Fear cements this system together. Fear is the adhesive that holds each part in its place. […] What is fear then? What are its characteristics? What is it about fear that is so effective in compelling women to be good soldiers on the side of the enemy?
Fear, as women experience it, has three main characteristics: it is isolating; it is confusing; and it is debilitating. When a woman violates a rule which spells out her proper behavior as a female, she is singled out by men, their agents, and their culture as a troublemaker. The rebel’s isolation is real in that she is avoided, or ignored, or chastised, or denounced. Acceptance back into the community of men, which is the only viable and sanctioned community, is contingent on her renunciation and repudiation of her deviant behavior. Every girl as she is growing up experiences this form and fact of isolation. She learns that it is an inevitable consequence of any rebellion, however small. By the time she is a woman, fear and isolation are tangled into a hard, internal knot so that she cannot experience one without the other. […]

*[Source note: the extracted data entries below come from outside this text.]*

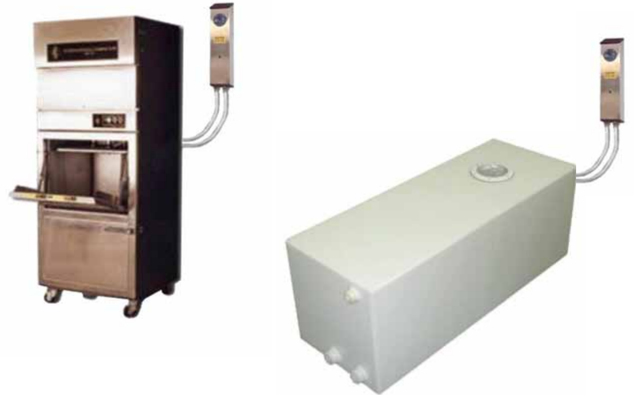
Compactor / Holding Tank Odor and Airborne Bacteria control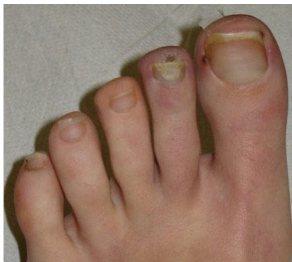
Figure 2 Toes as they appear after 5 sessions of HBO.

Vasculitic skin ulcers are a manifestation of muscular-vessel vasculitis, and are very painful and difficult to manage. They are usually treated by medical therapy with systemic anti-inflammatory drugs, steroids and immunosuppressants. For the treatment of refractory vasculitic skin ulcers the use of prednisone combined with other drugs such as methotrexate, azathioprine, mycophenolate mofetil, cyclophosphamide or hydroxychloroquine is recommended. Even the administration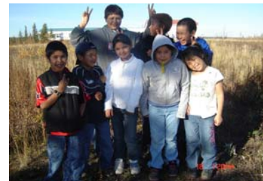
Nature Day in Tsiigehtchic September 2006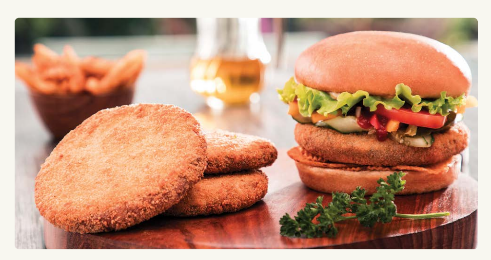
CHICKEN BURGER PATTY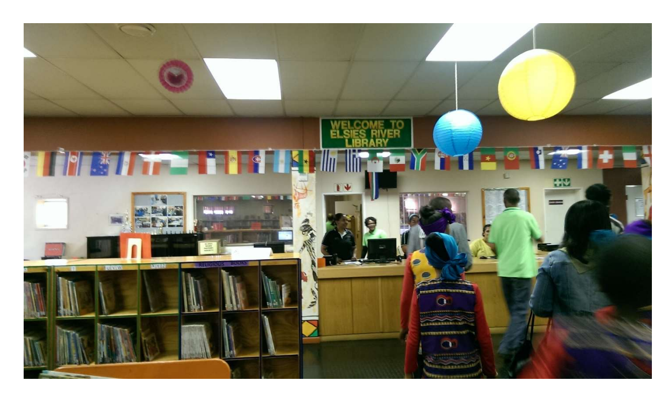
Figure 10 Elsies River Library interior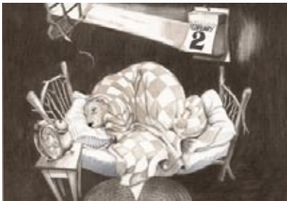
E Whoops! I missed the holiday... But Happy Groundhog Celebration anyway!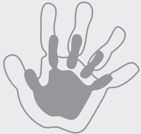
Original hand size of an extremely preterm, compared to a term newborn 8

Due to medical advances, the rates of preterm born babies with sensory or neuromotor impairments have significantly decreased during the past two decades 7 . Nevertheless, they remain at greater risk of developing short- and long-term health complications e.g. affecting the cardio-vascular system, lung, digestive tract, brain, hearing, or vision, compared to term born infants 2 . Thus, preterm born babies need assessments of their development and follow-up check-ups at close intervals.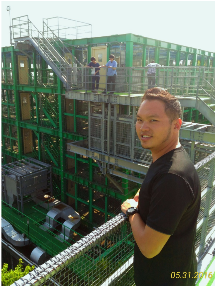
Visiting the Chimpanzee research facilities at the Primate Research Institute.

from deceased animals that accurately reflect what it would be doing in nature such as the poses it might adopt in natural settings. Thus taxidermy can give these creatures a second lease of life when they are properly immortalized for display.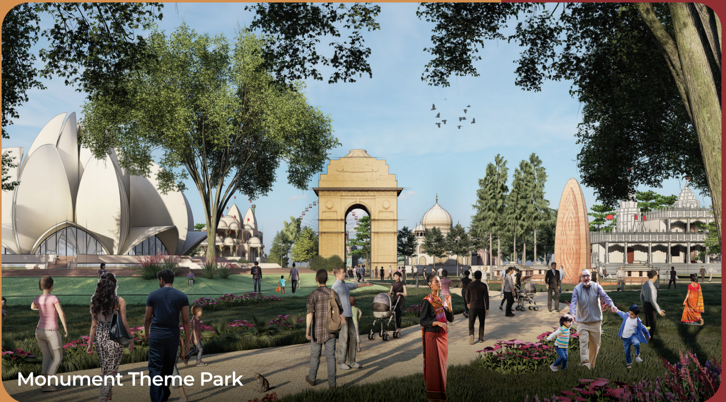
Monument Theme Park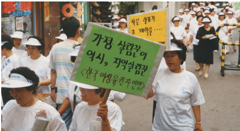
A street campaign for fair elections by members of the Korean League of Women Voters (1992).

Asia Foundation programming in the field of women's participation has been extensive over the past three decades. Aside from its continued assistance to the three major women-focused NGOs in Korea from the 1970s to the present — the Korea Legal Aid Center for Family Relations, the Korea League of Women Voters, and the Center for Korean Women and Politics — the Korea Office also addressed the needs of numerous women's organizations to enhance women's participation in politics and society.

Confusion, too, is an integral part of fear. It is confusing to be punished for succeeding—for climbing a tree, or excelling in mathematics. It is impossible to answer the question, “What did I do wrong?” As a result of the punishment which is inevitable when she succeeds, a girl learns to identify fear with confusion and confusion with fear. By the time she is a woman, fear and confusion are triggered simultaneously by the same stimuli and they cannot be separated from each other.

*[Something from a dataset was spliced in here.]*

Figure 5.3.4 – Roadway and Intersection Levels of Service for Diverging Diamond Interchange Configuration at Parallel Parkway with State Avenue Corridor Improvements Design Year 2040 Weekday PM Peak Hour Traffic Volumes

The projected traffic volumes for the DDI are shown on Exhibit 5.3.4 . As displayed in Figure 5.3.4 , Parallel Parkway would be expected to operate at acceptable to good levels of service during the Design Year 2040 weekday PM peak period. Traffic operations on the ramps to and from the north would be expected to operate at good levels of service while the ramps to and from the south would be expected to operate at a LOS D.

Fear, for women, is isolating and confusing. It is also consistently and progressively debilitating. Each act outside a woman’s allowable sphere provokes punishment— and this punishment is as inevitable as nightfall. Each punishment inculcates fear. Like a rat, a woman will try to avoid those high-voltage electric shocks which seem to mine the maze. […] This interplay of the memory of pain, the anticipation of pain, and the reality of pain in a given circumstance makes it virtually impossible for a woman to perceive the daily indignities to which she is subjected, much less to assert herself against them or to develop and stand for values which undermine or oppose male supremacy. The effects of this cumulative, progressive, debilitating aspect of fear are mutilating, and male culture provides only one possible resolution: complete and abject submission.